*AIM OF THE TASK*: Pictures are to be left out. Return exactly the lines below from the one with "Двухкомнатный номер 5" up to and including the one with "Picture a sleek, compact".

*RECORDS TO PROCESS*:

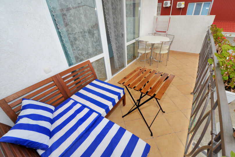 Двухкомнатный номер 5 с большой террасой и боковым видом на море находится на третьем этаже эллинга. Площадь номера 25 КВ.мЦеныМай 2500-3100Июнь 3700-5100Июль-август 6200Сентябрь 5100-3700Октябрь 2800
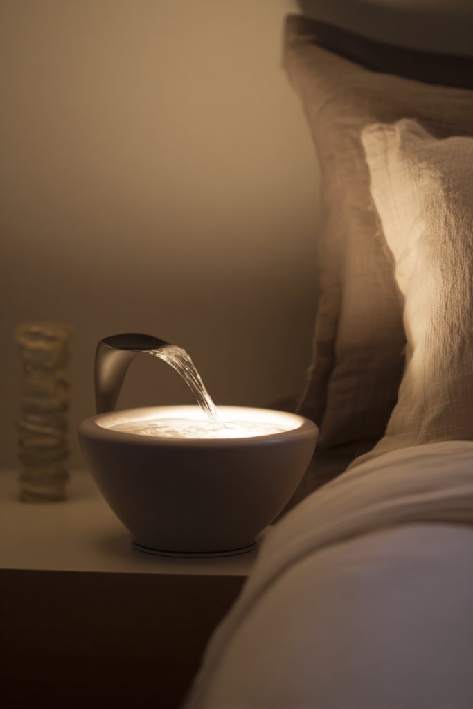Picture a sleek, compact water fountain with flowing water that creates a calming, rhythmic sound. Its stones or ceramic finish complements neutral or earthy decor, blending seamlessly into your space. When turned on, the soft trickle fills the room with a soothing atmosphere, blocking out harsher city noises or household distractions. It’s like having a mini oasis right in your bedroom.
==
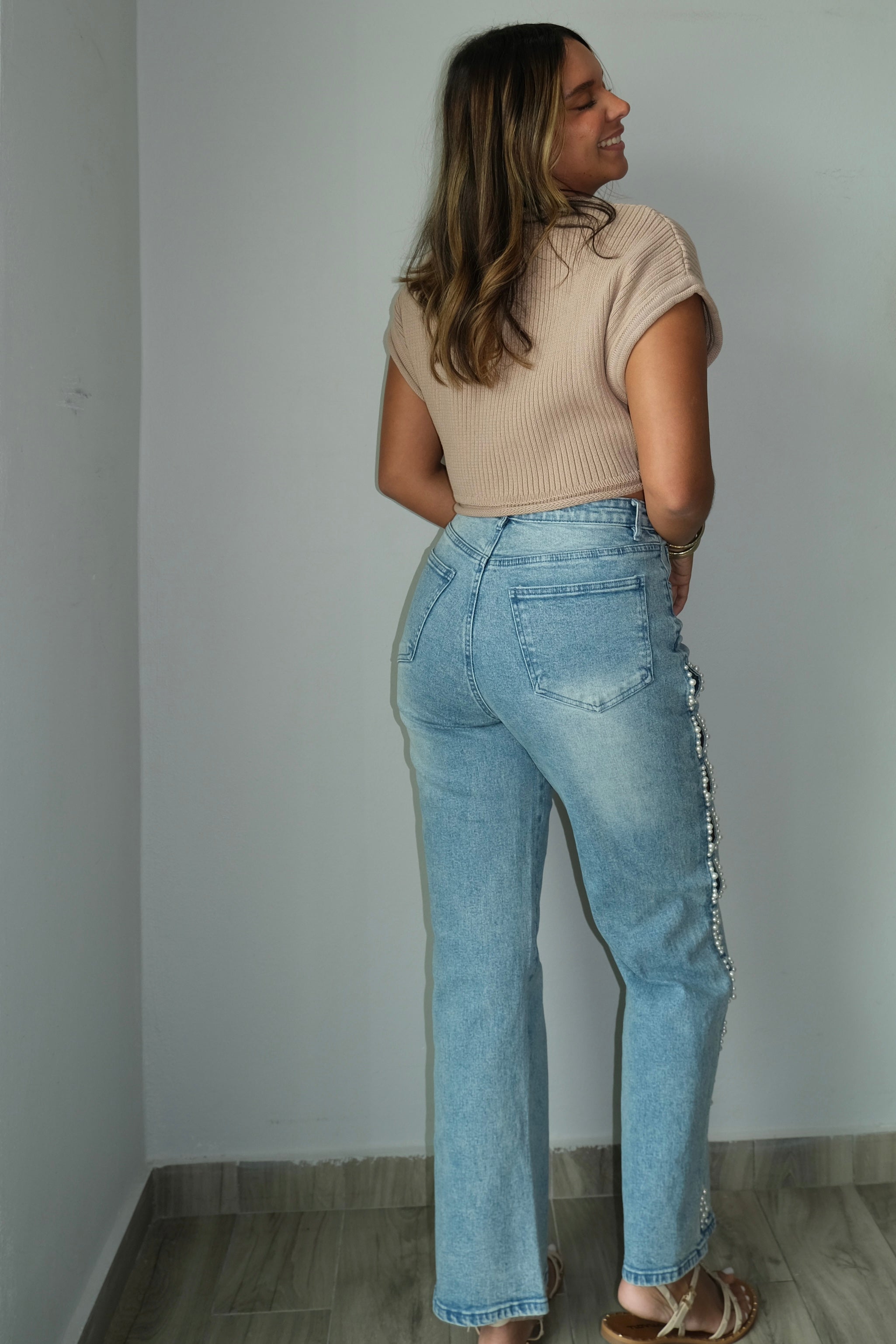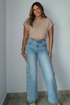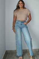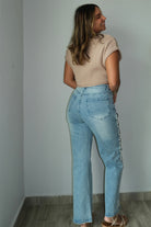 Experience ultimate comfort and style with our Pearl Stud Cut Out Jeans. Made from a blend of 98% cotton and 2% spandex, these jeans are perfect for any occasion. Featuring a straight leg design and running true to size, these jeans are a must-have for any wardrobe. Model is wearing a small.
==
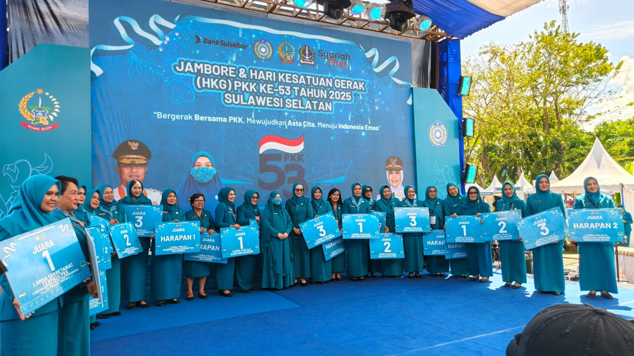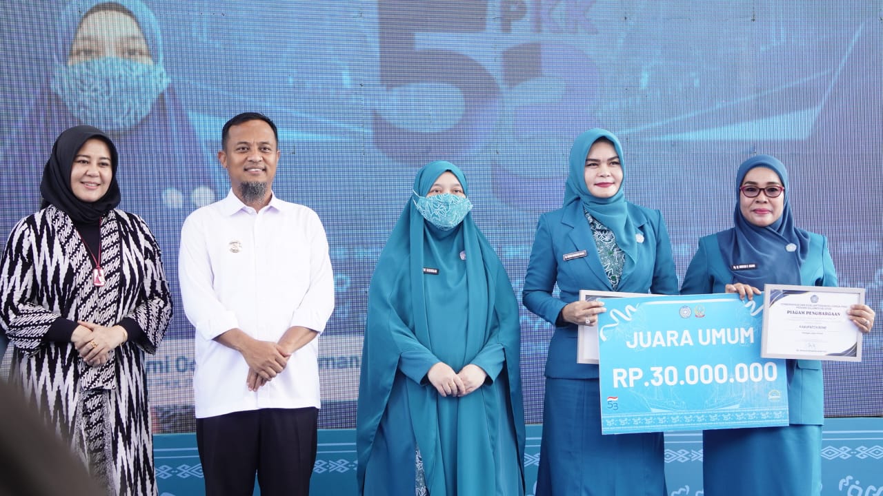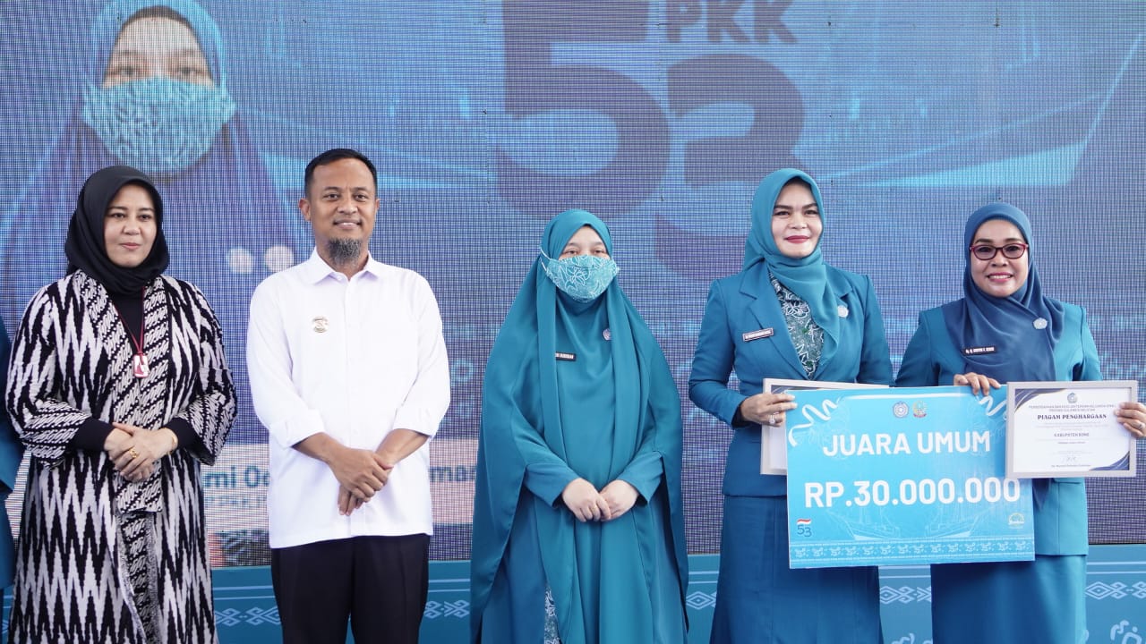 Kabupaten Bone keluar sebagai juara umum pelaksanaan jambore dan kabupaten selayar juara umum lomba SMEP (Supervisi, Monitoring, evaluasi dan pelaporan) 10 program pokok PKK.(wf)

*SOLUTION TO THIS EXERCISE*:
 Двухкомнатный номер 5 с большой террасой и боковым видом на море находится на третьем этаже эллинга. Площадь номера 25 КВ.мЦеныМай 2500-3100Июнь 3700-5100Июль-август 6200Сентябрь 5100-3700Октябрь 2800
Picture a sleek, compact water fountain with flowing water that creates a calming, rhythmic sound. Its stones or ceramic finish complements neutral or earthy decor, blending seamlessly into your space. When turned on, the soft trickle fills the room with a soothing atmosphere, blocking out harsher city noises or household distractions. It’s like having a mini oasis right in your bedroom.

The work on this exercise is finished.